| ACTIVITY |
I'd like the entries that follow repeated exactly, with the pictures left out.

□ □ □ □

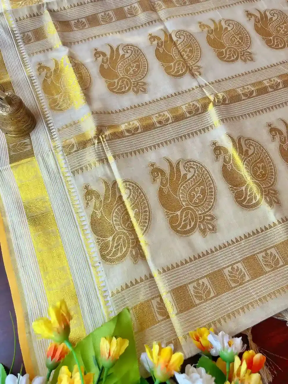 The Kerala Saree is a traditional Indian garment worn by women in the state of Kerala. It is made of cotton or silk and features a distinct border and intricate designs. The saree is draped around the body in a specific style and is typically paired with a blouse and scarf. It is known for its comfort and breathability, making it suitable for the hot and humid climate of Kerala. The saree is also popular for its cultural significance and is often worn on special occasions.
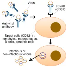 - ↑ Takada A, Kawaoka Y (2003). "Antibody-dependent enhancement of viral infection: molecular mechanisms and in vivo implications". Reviews in Medical Virology. 13 (6): 387–98. doi:10.1002/rmv.405. PMID 14625886. S2CID 9755341.
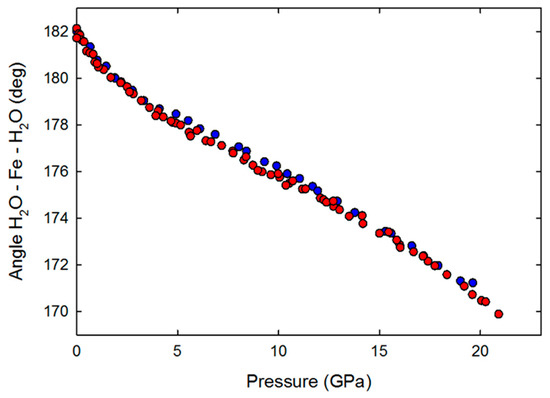 Oblique angle H2O-Fe-OH2 between the oxygen atoms of axial water molecules and the central iron atom of α-FeC2O4 × 2 H2O (red dots) and its deuterated analogue α-FeC2O4 × 2 D2O (blue dots) as a function of pressure.
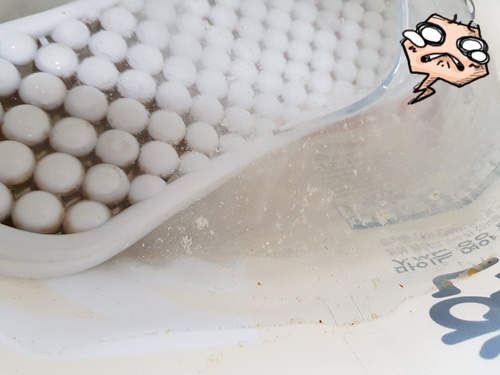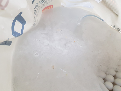 10분 후 비닐봉지를 열어 보니....깜놀..... ㄷㄷㄷㄷㄷㄷㄷㄷㄷㄷㄷㄷㄷㄷㄷㄷ 꼬질꼬질 때가 자연스럽게 흘러 나와 있더군요.
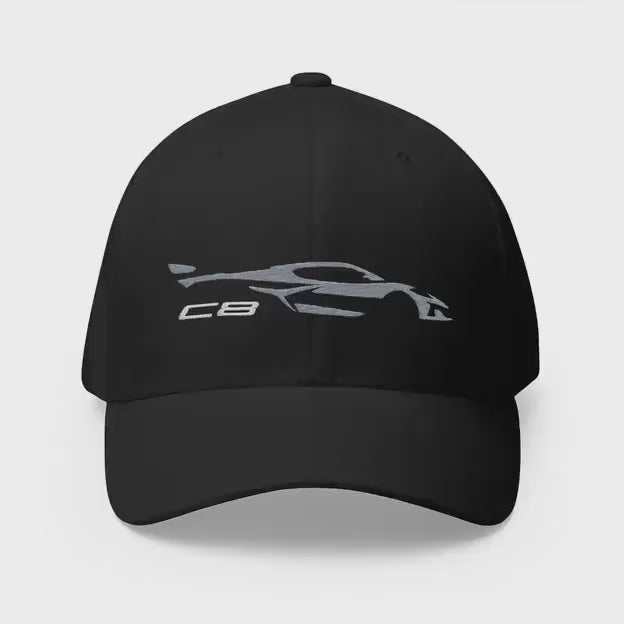 Corvette Grey C8 Silhouette Baseball Cap, Flexfit Hat, Stretchy Band, Black Hat, Corvette Gear, Embroidery
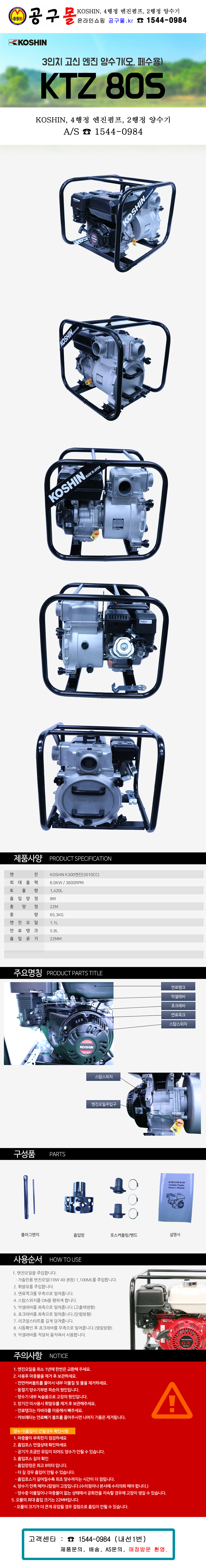 고신 엔진양수기(4행정) 오,페수전용, KTZ80S (3) 고신K300엔진(301CC), 흡입8m,무게65KG,출력6.0KW/3600rpm, 물펌프

□ □ □ □

| SOLUTION TO THIS TASK |
 The Kerala Saree is a traditional Indian garment worn by women in the state of Kerala. It is made of cotton or silk and features a distinct border and intricate designs. The saree is draped around the body in a specific style and is typically paired with a blouse and scarf. It is known for its comfort and breathability, making it suitable for the hot and humid climate of Kerala. The saree is also popular for its cultural significance and is often worn on special occasions.
 - ↑ Takada A, Kawaoka Y (2003). "Antibody-dependent enhancement of viral infection: molecular mechanisms and in vivo implications". Reviews in Medical Virology. 13 (6): 387–98. doi:10.1002/rmv.405. PMID 14625886. S2CID 9755341.
 Oblique angle H2O-Fe-OH2 between the oxygen atoms of axial water molecules and the central iron atom of α-FeC2O4 × 2 H2O (red dots) and its deuterated analogue α-FeC2O4 × 2 D2O (blue dots) as a function of pressure.
 10분 후 비닐봉지를 열어 보니....깜놀..... ㄷㄷㄷㄷㄷㄷㄷㄷㄷㄷㄷㄷㄷㄷㄷㄷ 꼬질꼬질 때가 자연스럽게 흘러 나와 있더군요.
 Corvette Grey C8 Silhouette Baseball Cap, Flexfit Hat, Stretchy Band, Black Hat, Corvette Gear, Embroidery
 고신 엔진양수기(4행정) 오,페수전용, KTZ80S (3) 고신K300엔진(301CC), 흡입8m,무게65KG,출력6.0KW/3600rpm, 물펌프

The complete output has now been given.